Professional integration

  • Depending on your industry, your production house may already be using Blender, if not for video editing then for animation or motion graphics.
  • There are several EDL export add-ons available, and Blender's seamless integration with Python makes it trivial for a technically minded editor or support staff to export whatever information is necessary to blend Blender into any pipeline.

Shotcut

Shotcut is a video editor being developed by Dan Dennedy, an MLT co-founder and current project lead. It is designed from the ground up to be cross-platform and leverages new technologies like WebVfx (visual effects created with web technologies) and Movit (GPU image processing).

Shotcut

Strengths

  • Shotcut is using the latest in open source technology to provide performance unlike any other open source video editor. Its real-time effects are smooth as is, and they will get even better once it's offloaded onto the GPU.
  • The interface is mostly familiar, although some liberties are taken in the interest of progress. One wonders if mobile devices are on the roadmap, because much of the interface design would work well on a tablet or a large phone screen.
  • Shotcut is JACK-aware, so tethering it to a pro audio application like Ardour is trivial.

Weaknesses

  • Shotcut is a little progressive, so there's a learning curve involved where its interface implements something different than the de facto standard. For instance, the workflow in a traditional editor is: bring a clip into your bin, open that clip from the bin, mark in and out, and put it in the timeline. With Shotcut, however, there's no internal import process to populate your bin ("playlist," in Shotcut terminology). You can either drag and drop from your file manager or you can open a clip and add that clip to your playlist, or you can bypass the playlist entirely and just add it to your timeline.
  • It's less esoteric, for example, there's no way to group select several clips in the timeline to move them. You can insert clips in front of them, but editors used to using their timeline as a scratchpad with lots of groups of edited scenes might find this limitation troublesome.
  • The effect stack is still a work in progress. Important effects, like a chromakey (green screen), are missing. They're being added as the dev team perfects their interfaces and functionality.

Independent

  • For basic editing, Shotcut is a breeze. It's uncluttered, relatively lightweight, and functional. It's got everything you need and doesn't offer a lot of options you probably don't intend to use.
  • In its current state, it doesn't scale up. When you hit its ceiling, you'll have to move to another application. For some, this might be when they suddenly realize they need to do complex composites (to be fair, it's arguable that complex composites shouldn't be done in a video editing application at all, but that doesn't change expectations), while for others it will be small interface preferences, like Shotcut's inability to dynamically create a new audio track when dragging an audio-only clip into a timeline with only one video track.

Professional integration

  • Shotcut isn't production-ready yet, but since a true professional is more than the sum of the tools, it could be used in a professional setting. Shotcut can export an EDL, and it stores its project files as MLT XML, so you could extract information for a custom EDL format as needed.

Non-open editors

There's a handful of cross-platform editors that are not open source. However, they can run on an otherwise open stack (in other words, they are fully Linux-compatible), which is a pretty common paradigm in the professional film world.

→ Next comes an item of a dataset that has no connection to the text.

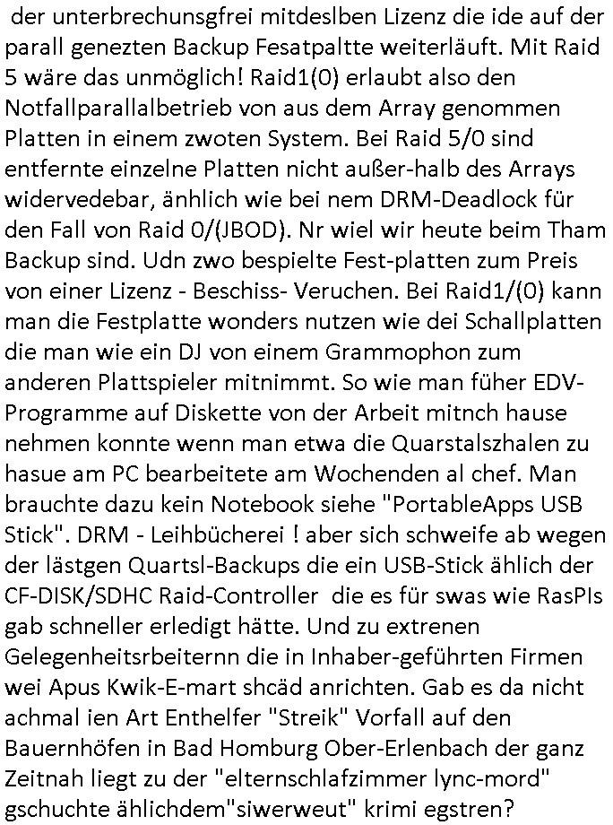 03.04.2025 07:02 Womit wir vom Prime-time Krimi mit dem Tham Drogen und Ebschafst/Land-Raub-Mord der Besitzlosen die meist politisch links sind für "Enteignung der Kleinbürger" auch per "überhöhter Steuern" aus denen dann Sozialtransfer-leistung an Armutszuwanderer bezahlt werden was damit begint daß man Kleinbprger in Abzocker Spelunken aus-nimmt oder sie "must have" Mode- Kosumterror aussetzt um so gezielt an ihr Espartes zu kommen etwa nun zum 18:00 Uhr TV - Vorabendprogramm vom 02. April 2025. In system wo "Leistung muß sich lohnen" bestraft wird wie dem Kommunismus ist manndishc auf diejenigen die dank "Leistung muß sich lohnen" etwas erspart haben und will das an andere die weniger arbeiten umverteilen. Mindwertiger Ramschware gab es auch beim "evergreen Terror" Halloween der Simpsons bei Apu im Kwik-eMart zu kaufen. Gelgenehsitarbeietr/Armutszwuiderer wollten Homer dazu verleiten seinen Freund zu betrügen indem sie Prdukte die eigentlich etwas kosten umsonst mit auf den Wagen luden. Falschverstandener Mengenrabatt. De eigentloih nur auf Eisprungen aufdem Trasnportweg oder so stehen darf. Etwa wenn alle Firmenwagen baugelch sind udn mandahe rnur ien Hadnbsuch druckt und liefert daß dei Koggendann untereinander weitergeben wie in einer leihbücherei. oder ein Raid 1(0) System wo man die Beckup fstpatte iMWeshslrmhen herausnehmen kann und zu hause wietrebeiten mit der Ersatzplatte oheden Büro-rehcer dabi abshclaten zu müsen der unterbrechunsgfrei mitdeslben Lizenz die ide auf der parall genezten Backup Fesatpaltte weiterläuft. Mit Raid 5 wäre das unmöglich! Raid1(0) erlaubt also den Notfallparallalbetrieb von aus dem Array genommen Platten in einem zwoten System. Bei Raid 5/0 sind entfernte einzelne Platten nicht außer-halb des Arrays widervedebar, änhlich wie bei nem DRM-Deadlock für den Fall von Raid 0/(JBOD). Nr wiel wir heute beim Tham Backup sind. Udn zwo bespielte Fest-platten zum Preis von einer Lizenz - Beschiss- Veruchen. Bei Raid1/(0) kann man die Festplatte wonders nutzen wie dei Schallplatten die man wie ein DJ von einem Grammophon zum anderen Plattspieler mitnimmt. So wie man füher EDV-Programme auf Diskette von der Arbeit mitnch hause nehmen konnte wenn man etwa die Quarstalszhalen zu hasue am PC bearbeitete am Wochenden al chef. Man brauchte dazu kein Notebook siehe "PortableApps USB Stick". DRM - Leihbücherei ! aber sich schweife ab wegen der lästgen Quartsl-Backups die ein USB-Stick ählich der CF-DISK/SDHC Raid-Controller die es für swas wie RasPIs gab schneller erledigt hätte. Und zu extrenen Gelegenheitsrbeiternn die in Inhaber-geführten Firmen wei Apus Kwik-E-mart shcäd anrichten. Gab es da nicht achmal ien Art Enthelfer "Streik" Vorfall auf den Bauernhöfen in Bad Homburg Ober-Erlenbach der ganz Zeitnah liegt zu der "elternschlafzimmer lync-mord" gschuchte ählichdem"siwerweut" krimi egstren? Kommusten die "#parsistes" arge evrsuchten einen Hof zu "erobern" indem sie dessen Besitzer emordeten? Motto die UdSSRhat kien fidsvatrga mit wetsurp der DDR,w ir ebfiden usn im zwten wlkreg udn dürfen das? Wie komm ich jezt nur shconwider auf das RAF Thema? dei Frakionder Roten Armee die in Westeuropa plädert? Wegen der §20,21 StGB fscguahcten Dorgenaumbulanz? Also Apu dessen Quick - EMart nach "quick schuh" am Kurhaus Bad homburg benannt ist und dessn "Einpacker" vom "villa market" in der "Sukumvith road, Bangkok" ispiret sind under Lade von iem Supermarkt in "Kanada" warf die Gelegenheistarbeiter die ihn bestohlen raus. So wi ich mien "partenr" ud "mitarbeietr" rausgeworfen habe die mich gesiscgfatlih verarscht haben wobei sie von mienem abgeordnten, presse udn bamksicheiststatus ruterlebeten perKidppping eprssung und versutchen mich zu ermorden udn es nach suizid ausshen zu lassen.wieldie dhc das indie erlinien heienergeltigte kidn an die erlöse von filmrechten heranwollten. siehe die "medizin akte" "forrest gump" im Prozess 9F 104/01 KIAG Bad Homburg. ERBCHSLCIHERIE,Mordaus Habgier, Eigehim/Landraub. Die nstzet Dorge war ählich der #simpsons narkolepsie Folge mit der Apotherkeirn egstren nicht nur Alkohol wie beim "Steirerwut" kirmi. man seiht in tirol, bayer und in badn württemberge da ist die Welt noch in Ordnung. In ballsugebiete Vorstädten und den lädlichen Regionen. Nicht üerall hat (armutszugewanederer) Pöbel die Macht. Aber zurück zu den #Simpons, es ginbg umda sthem daß "Horror" nicht für kleine Kinder gedacht ist. Lisa schlich scih in eine Erwachsenen - Veranstaltung hineien di ihr Wltbidl veränderte überall Gewalt/unklare Abstmmung. Das pe abstmmung sicher geglaubte Elternhaus in Frage gestellt durch Mörder denen ihre Erblinienürivilegierung nicht gefiel. Derorchslose Jukie hat das selbe Recht in Schneewitchens Haus zu schlafen wie sie und die sieben Kleinwüchsigen? Der APPD-Partei Gewlaterlibnspark wo sie war schien so eine art "Gunter von Hags Köperwelten" zu sein, baknt aus den beiden "Anatomie" Kino-Filmen mit dieser F"rank A(ber) Potent"e. Die "gast-arbeiter" die ein blieberecht für soch erpressen wollten überfielen die familie #sipomnos und homer musst Maggie verstecken. Also ich kenne das umgekehrt: sonst muß immer wieder Pleite Homer vor der Obdachlosgkiet gerettet werden. Es gelang einen Notruf abzustezen "ich bin ein star holt mich hier raus" irdim handy oder auf "mexican radio"? Am Ende gelang es die Mörderbande festzusetzen und es gab "Rocky Horror pictrue show" artige Musical-musik. Pastt ja auch zum Thema "das schweigen der Alpakas". I teil wz ötte dann Sidshwo Bob Bart und erweckte ihn perment wider zu leben umih rnuet töten zu können wie bei der "Die Anther Day" "jamd bod 007" Folter wo Cuba(SI)-Ärzte Stfatätern neue Identitäten verschafften (vertauschte Akte wie im Sonntags #tatort abstellgeisl). Es genügte sidwho Bob nicht bart einmal zu töten (YOLO - you only live twice - "es gibt nur ein rudi völler" gseang ) Prof. Frink ließ für tot erklärte schonmal widerafsertehn, in dieser #Fri

A not insignificant advantage to these closed-source solutions is that a team of editors can use the same software regardless of the OS they're running.

Lightworks

A long-time editing solution in Hollywood, Lightworks is now free to download. While its natural approach to editing defers to a traditional film workflow, working in the timeline is possible and new features are constantly being added to make sandboxing in the timeline comfortable. The free version is basically a complete solution for serious editng, but if you pay for a subscription you "unlock" better codec support and a few effects (which are, awkwardly, not cross-platform).

Strengths

  • Nobody would call Lightworks the industry standard, but it is an Emmy award winner and has a long history of professional use before it became no-cost software independent of its hardware stack. It's a robust application with some serious pro features, such as timeline effects, codec support, lots of export formats, and a unique but efficient interface.
  • It's a technical editing environment. It's very aware of editing decisions and timecode and frame numbers, so if you are a professional editor who needs to know that your edit can conform later in the pipeline, Lightworks won't let you down.
  • Real-time effects are well supported in Lightworks, so performance is as good as your system specs provide.

Weaknesses

  • It's not open source. Its development team announced many years ago that the code would be released in Q3 of 2012; now the official stance in the forums is that "Lightworks is freemium software."
  • Furthermore, Lightworks is not a lightweight application. It expects a powerful rig, and at a certain point, it bottoms out and just plain won't run.
  • Lightworks' default editing style in many ways mimics the traditional film-editing process. Its timeline is designed for keyboard and shuttle control. Hobbyists or editors who were trained to do their editing with the mouse might find Lightworks a little difficult to get used to. With each new version, the timeline gets a little more mouse-friendly, but the overall design is somewhat technical.

Independent

  • Lightworks is probably overkill for the hobbyist. It works well, but there's a learning curve and an emphasis on precision and professionalism that will probably get in the way for people who just want to edit.

Professional integration

  • Lightworks exports to a number of formats, such as OMF and AAF, so it's prepared to communicate with whatever's next in your pipeline. If it doesn't export to what you need, it does export to a variety of video and audio formats.

Da Vinci Resolve

Coming from Da Vinci's color correction suite, and once tied to a proprietary hardware suite, Resolve is a cross-platform editor distributed for $0.

Strengths

  • Da Vinci has been an industry standard for decades, and while Resolve is technically relatively new, many professionals in the industry have some familiarity with the system in general.

Weaknesses

  • Resolve, like Lightworks, has hefty hardware requirements. If your system doesn't meet its requirements, it doesn't run. There's no lightweight mode, even if you just want to do some basic edits.
  • Resolve is not open source.

Independent

  • Resolve is probably overkill for hobbyists, but its interface is flexible and allows for several editing styles. Its interface is fairly intuitive; if you've used a video-editing application before, you can probably figure out Resolve with an afternoon and a few online tutorial videos.

Professional integration

  • Da Vinci exports to several exchange formats as well as video, audio, and image sequences.

Hiero

Hiero isn't, strictly speaking, a video editor, but a show viewer. However, it's set up such that clips can be arranged and adjusted, so it sometimes gets used as a video editing solution by artists familiar with other Foundry tools.

All the rest

Of course, there are still more options. Some, like Pitivi and Cinelerra, are less active and less stable now than they may have once been, others, like Avidemux, are limited in scope, and still others, like using FFmpeg directly, are just too niche to cover.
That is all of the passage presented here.